By Joe Bast | September 22, 2023
In 2014, Herb Walberg and I wrote a book titled “Rewards: How to use rewards to help children learn — and why teachers don’t use them well.” (Sorry, one-word titles and long subtitles were a thing in 2014.)
One important message in that book was that economics provides a solid foundation for policy recommendations that encourage competition and choice in schooling. To make that case, we criticized the work of some prominent authors (e.g., Alfie Kohn) who deny that rewards work in education or deny that people generally behave rationally, a major claim of so-called “behavioral economics” (e.g., Dan Ariely, Daniel Kahneman).
I thought we made some important and original observations. The book got great “blurbs” from some clear thinkers in the education reform movement, but it didn’t generate many reviews, sales, or push back from any of the authors whose work we criticized. The book disappeared without a ripple. Meanwhile “behavioral economics” spread like a virus through the discipline.

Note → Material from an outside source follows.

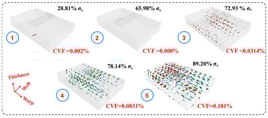 Figure 10 demonstrates the 3D reconstruction of inner cracks of the five phased specimens. The quantification analysis of the damages was performed using the VG Studio Max 3.3 (Monterrey, Mexico). In each 3D representation, the damage voxels were separated from the yarns and the matrix voxels according to the various grey levels of materials and voids. Obtained results cannot be used as absolute values. However, the crack volume fraction (CVF) measured in this study is proportionally affected by the number and size of the cracks and can be used to characterize the damage level of each specimen. The CVF represents the ratio between the volume of inner cracks and the total detected volume. No cracks were detected at the first two phases. Up to the stress level of 72.93% σs, the cracks can be detected with a random distribution in the specimen. Cracks propagated and new ones appeared at the last two phases due to higher stress levels. The CVF for the five phased specimens is 0.002%, 0.000%, 0.0314%, 0.0831% and 0.181%, respectively. In accordance with the observations on Figure 9, the damage volume increases and accumulates in turn within the maximum applied tensile stress. However, one abnormal datum was found; at the stress level of 28.81% σs, the CVF value is offered by the artifacts, not by the damages. Artifacts have different geometric morphology, compared with the inner cracks, and no artifacts were found in the other four phased specimens. No cracks can be seen until the third stress level, indicating that the detectable damages initiate between the stress levels of 65.98% and 72.93% σs, as shown in Figure 4 (red dash line). The detectable damages initiate in Stage 2 and, thereafter, the slope of the stress–strain curves decreases slightly, indicating that the detectable damage initiation is accountable for the fast stiffness degradation. Combining tensile stress–strain curves shown in Figure 4 and the micro-CT CVF analysis, one possible explanation for the slight increase of tensile stiffness at Stage 4 is that the cracks induced by the tensile stress give the warp yarns a certain deformation space, making the warp yarns straighter than their initiate state.

So imagine how happy … vindicated, really … I am just now to have discovered that Gerd Gigerenzer, the truly brilliant German psychologist, author of “Calculated Risks” (2002), a really valuable book about understanding different methods of measuring and reporting risk (and how ignorance of underlying principles leads to false alarms in medicine and environmental sciences), emerged sometime after 2014 as an outspoken critic of “behavioral economics,” echoing many of the same points Herb and I made. Here is the abstract of an article he wrote for Review of Behavioral Economics in 2018:
Behavioral economics began with the intention of eliminating the psychological blind spot in rational choice theory and ended up portraying psychology as the study of irrationality. In its portrayal, people have systematic cognitive biases that are not only as persistent as visual illusions but also costly in real life—meaning that governmental paternalism is called upon to steer people with the help of “nudges.” These biases have since attained the status of truisms. In contrast, I show that such a view of human nature is tainted by a “bias bias,” the tendency to spot biases even when there are none. This may occur by failing to notice when small sample statistics differ from large sample statistics, mistaking people’s random error for systematic error, or confusing intelligent inferences with logical errors. Unknown to most economists, much of psychological research reveals a different portrayal, where people appear to have largely fine-tuned intuitions about chance, frequency, and framing. A systematic review of the literature shows little evidence that the alleged biases are potentially costly in terms of less health, wealth, or happiness. Getting rid of the bias bias is a precondition for psychology to play a positive role in economics.
OMG! This is exactly what Herb and I wrote 4 years earlier, and what I’ve been saying about “behavioral economics” to anyone who will listen ever since!
They say brilliant minds think alike. By that standard, I hereby declare myself to be brilliant. Herb, bless his soul, was pretty smart, too.